CAIRO — The body of a blind Egyptian cleric convicted of plotting terror attacks in New York was brought back to Egypt and handed over to his family for burial on Wednesday, following his death in a U.S. federal prison over the weekend.
Omar Abdel-Rahman, the so-called Blind Sheikh, was arrested in 1993 and convicted in 1995 along with nine followers of conspiracy to blow up the United Nations and several New York City landmarks. He was serving a life sentence in prison when he died on Saturday.
He was the spiritual leader of Gamaa Islamiya, the most feared militant group in Egypt in the 1980s and 1990s, and fled to the United States in 1990.
Dozens of his followers, along with his son Mohammed, daughter Asmaa and other family and relatives, waited at the Cairo airport to receive the body and take it to his hometown in Dakahliya province.
Cairo airport official Medhat Kandil confirmed to The Associated Press that Abdel-Rahman’s body had been handed over to the family.
Another son, Ibrahim Abdel-Rahman, told the AP that his father had wished to be buried in his Nile Delta town of Gamaliya.

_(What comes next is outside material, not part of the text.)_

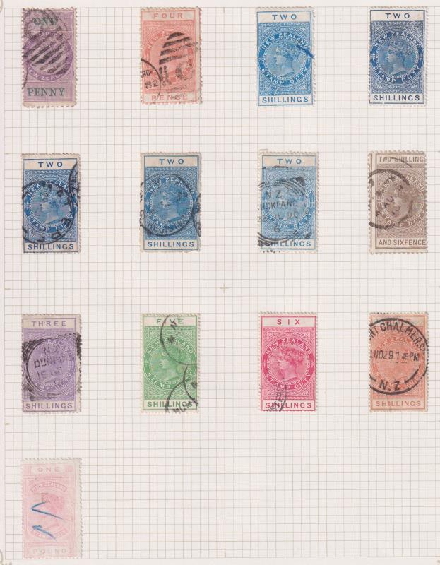 c1882 page of 13 QVLTs – mostly PU. Includes: 1872 1d die II & 1882 4d, both with Christchurch duplexes (4d is clearly dated 82); 2/- (with plate crack) & £1 with blue accounting marks; 6/- & 9/- with cds.
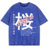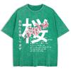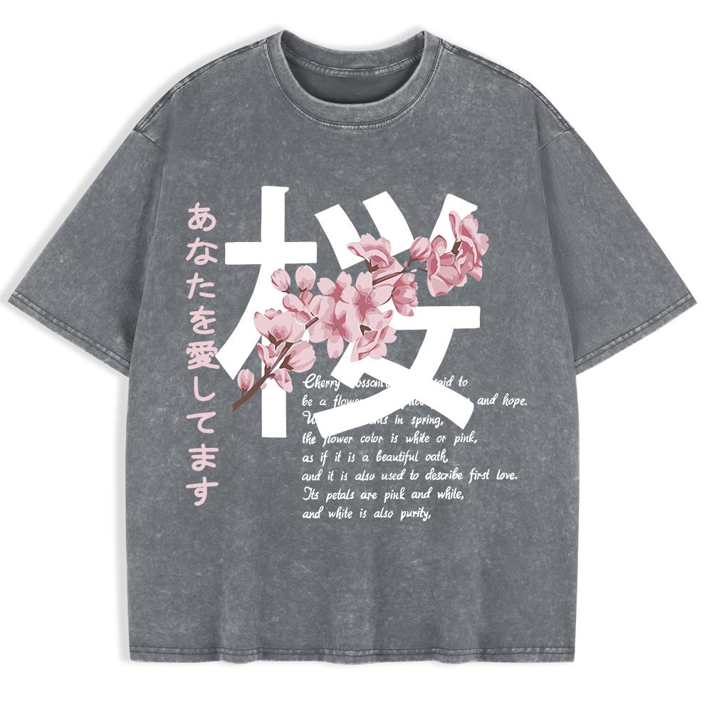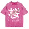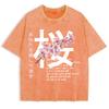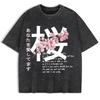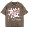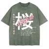 Japan Kirschblüten Aufdruck Gewaschene T-Shirts Herren Baumwolle Kurzarm Oberteile Sommer Rundhals Oversize T-Shirts Basic Kleidung

In The United States, Omar Abdel-Rahman, who lost his eyesight in infancy from diabetes, was convicted of involvement in a broad terrorist plot that includes the Feb. 26, 1993, truck bombing of New York’s World Trade Center that killed six people — eight years before al-Qaida’s suicide plane hijackers brought the towers down.
He was also convicted of plotting a string of bombings against the United Nations, the Lincoln and Holland tunnels, the George Washington Bridge and other New York landmarks, and of plotting to kill Hosni Mubarak, Egypt’s president at the time.
Previously, Abdel-Rahman was arrested in Egypt in 1981 and tried for involvement in the assassination of former President Anwar Al-Sadat, which was carried out by Gamaa Islamiya. He was acquitted and released in 1984.
Along with diabetes, he also suffered from coronary artery disease.